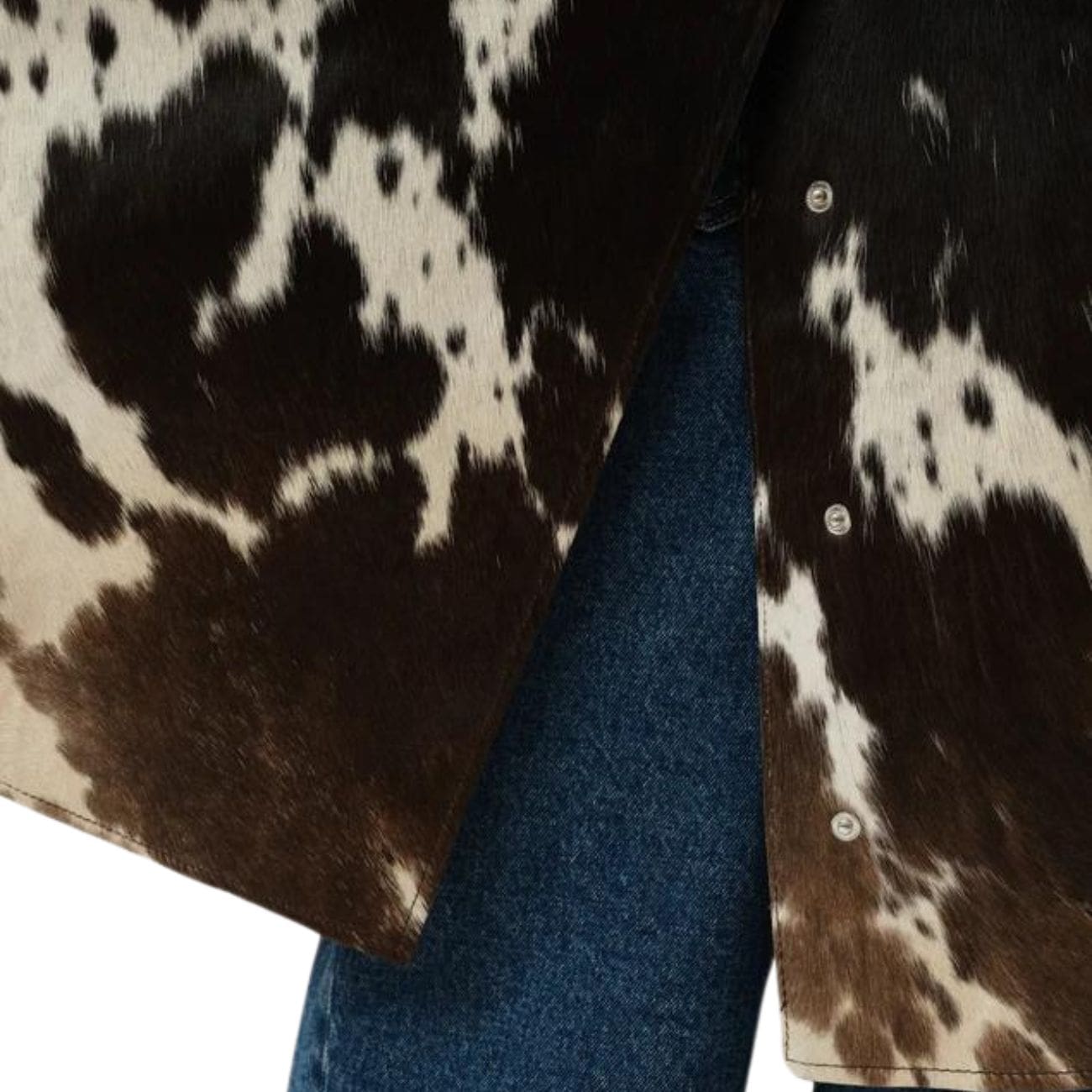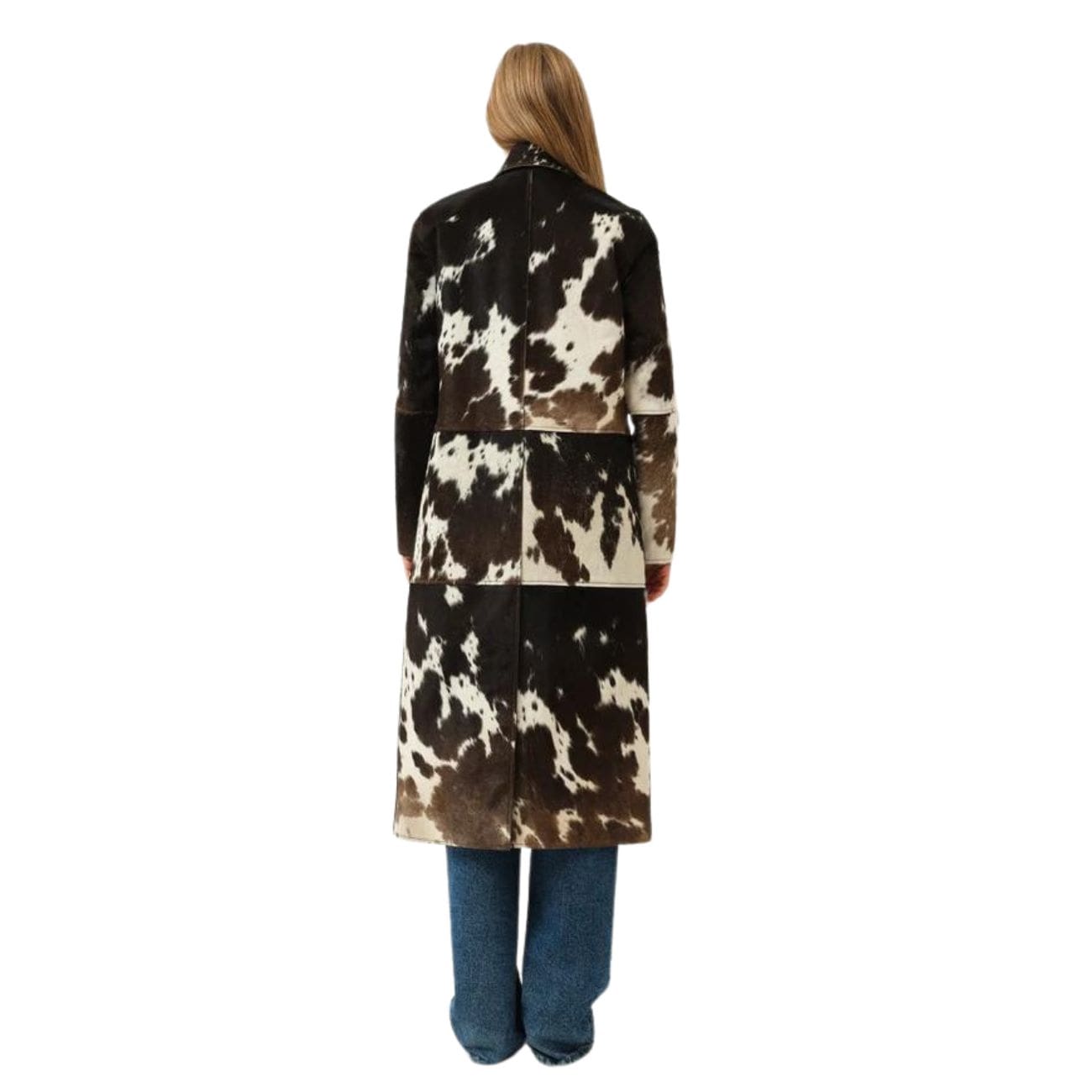 Crafted with sustainably sourced, cruelty-free materials, the coat showcases a soft, durable fabric that provides both comfort and structure. The eye-catching brown and white cow-print pattern adds a playful yet sophisticated element, making it a versatile statement piece for a variety of outfits. The oversized silhouette and relaxed fit enhance its contemporary aesthetic, offering ease of movement and layering options for colder days.
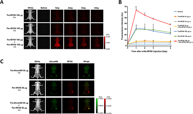 Figure 3: In vivo biodistribution of trastuzumab-IR700 and pertuzumab-IR700. (A, B) NCI-N87 tumor xenografts were visualized with IR700 fluorescence after intravenous injection of Tra-IR700 and/or Per-IR700. Stronger IR700 signals were observed 1 day after the injection of 100 μg each of Tra-IR700 and Per-IR700 than injection of either agent alone. Data are presented as means ± SEM (n = 3, **P < 0.01: 100 μg of Tra-IR700 and 100 μg of Per-IR700 i.v. vs. 100 μg of Tra-IR700 i.v., *P < 0.05: 100 μg of Tra-IR700 and 100 μg of Per-IR700 i.v. vs. 100 μg of Per-IR700 i.v., Student’s t-test). (C) NCI-N87 tumors (right dorsum) were specifically visualized with Tra-Alexa488 and Per-IR700 fluorescence, while NIH/3T3 tumors (left dorsum) did not show detectable fluorescence signals (n = 3).
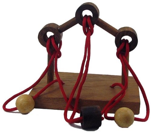 This is a difficult and very puzzling wooden brain teaser string puzzle. The wooden beads are too large to go through the wooden hole, yet the goal is to bring all three together onto the same loop of cord. Read more...
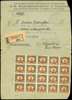 Western Ukraine: 1919 (17.V.) trilingual printed Eisenbahndienstsache envelope franked on reverse with block of 20 (5 x 4) overprinted Bosnia Herzegovina 2ch on 2h, overprint inverted, the 4th stamp with part of overprint missing, Stanislau 2 registration and datestamp; some toning and faults to opened-out envelope, an impressive multiple on cover.
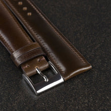 This rich dark cognac strap is the go to strap for wearing with tool watches such as submariners and speedmasters, but also an excellent choice for gold cases especially dress watches such as an iconic reverso. A great all rounder that offers plenty of choices. All straps taper to a 16mm buckle except 22mm which tapers to 18mm.
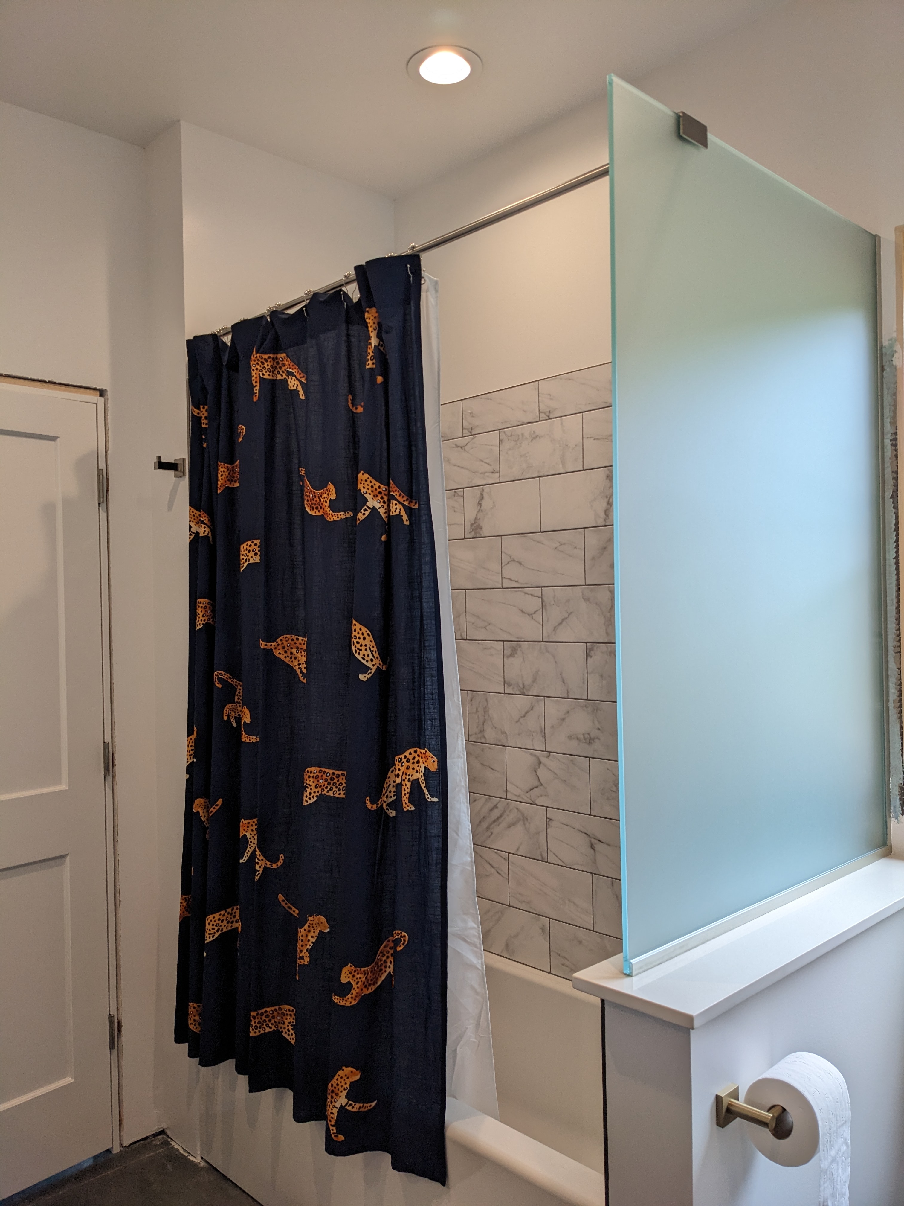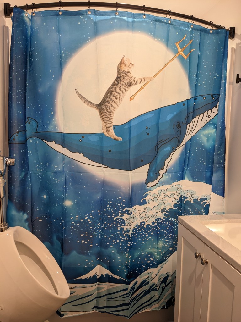 I couldn’t help myself and ordered another cat-themed shower curtain, only this one is a more sophisticated jaguar pattern. I need to add some jungle plants and colorful artwork to the room.
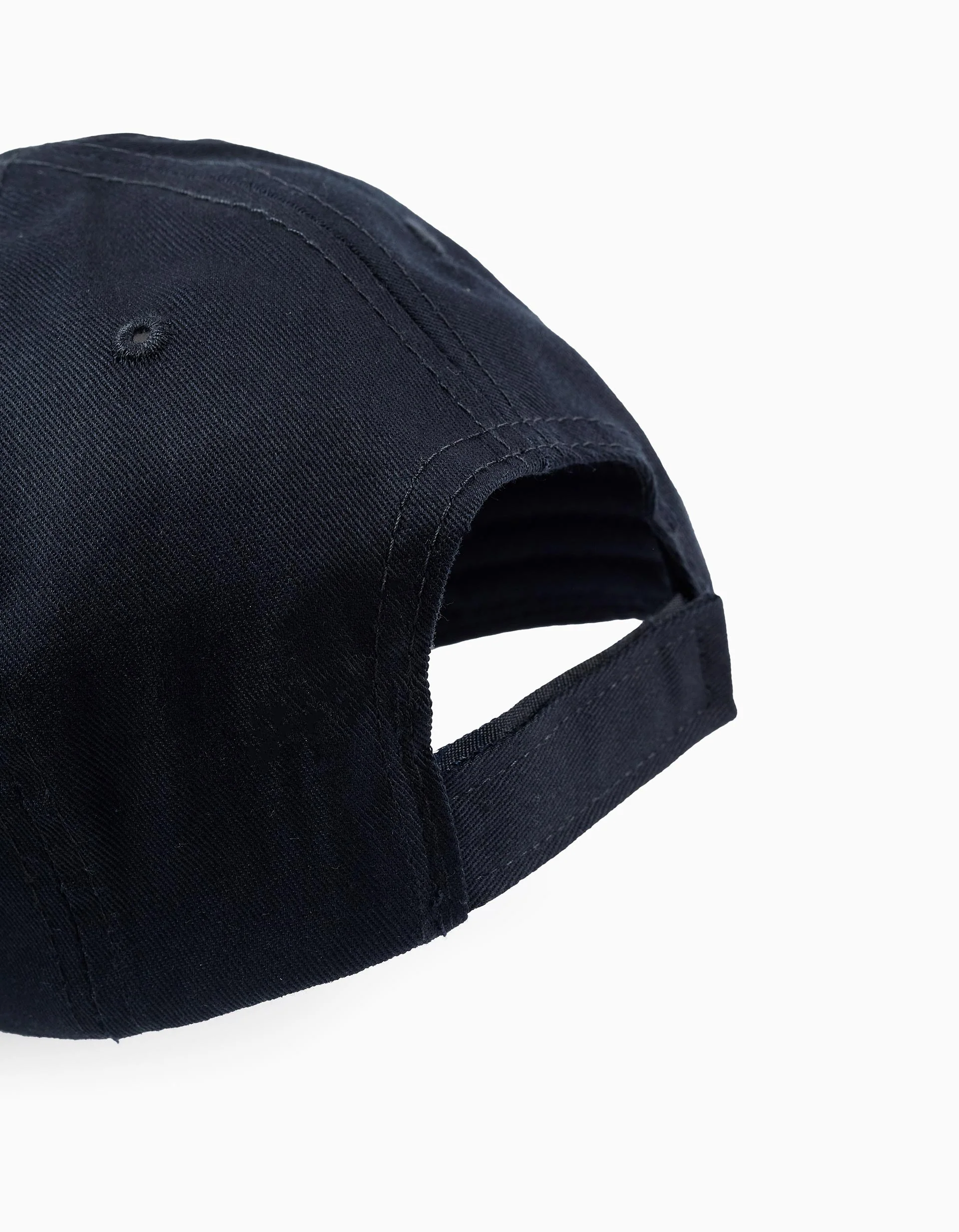 Dark blue twill cap for boys, 100% cotton. Branding detail embroidered in white on the front for contrast. Adjustable at the back with a touch fastener strap.

■ **YOUR OBJECTIVE**: Using the listing above, set down exactly each line from the one containing "This rich dark" through the final line, and leave out pictures.

■ **WRITTEN SOLUTION**:
 This rich dark cognac strap is the go to strap for wearing with tool watches such as submariners and speedmasters, but also an excellent choice for gold cases especially dress watches such as an iconic reverso. A great all rounder that offers plenty of choices. All straps taper to a 16mm buckle except 22mm which tapers to 18mm.
 I couldn’t help myself and ordered another cat-themed shower curtain, only this one is a more sophisticated jaguar pattern. I need to add some jungle plants and colorful artwork to the room.
 Dark blue twill cap for boys, 100% cotton. Branding detail embroidered in white on the front for contrast. Adjustable at the back with a touch fastener strap.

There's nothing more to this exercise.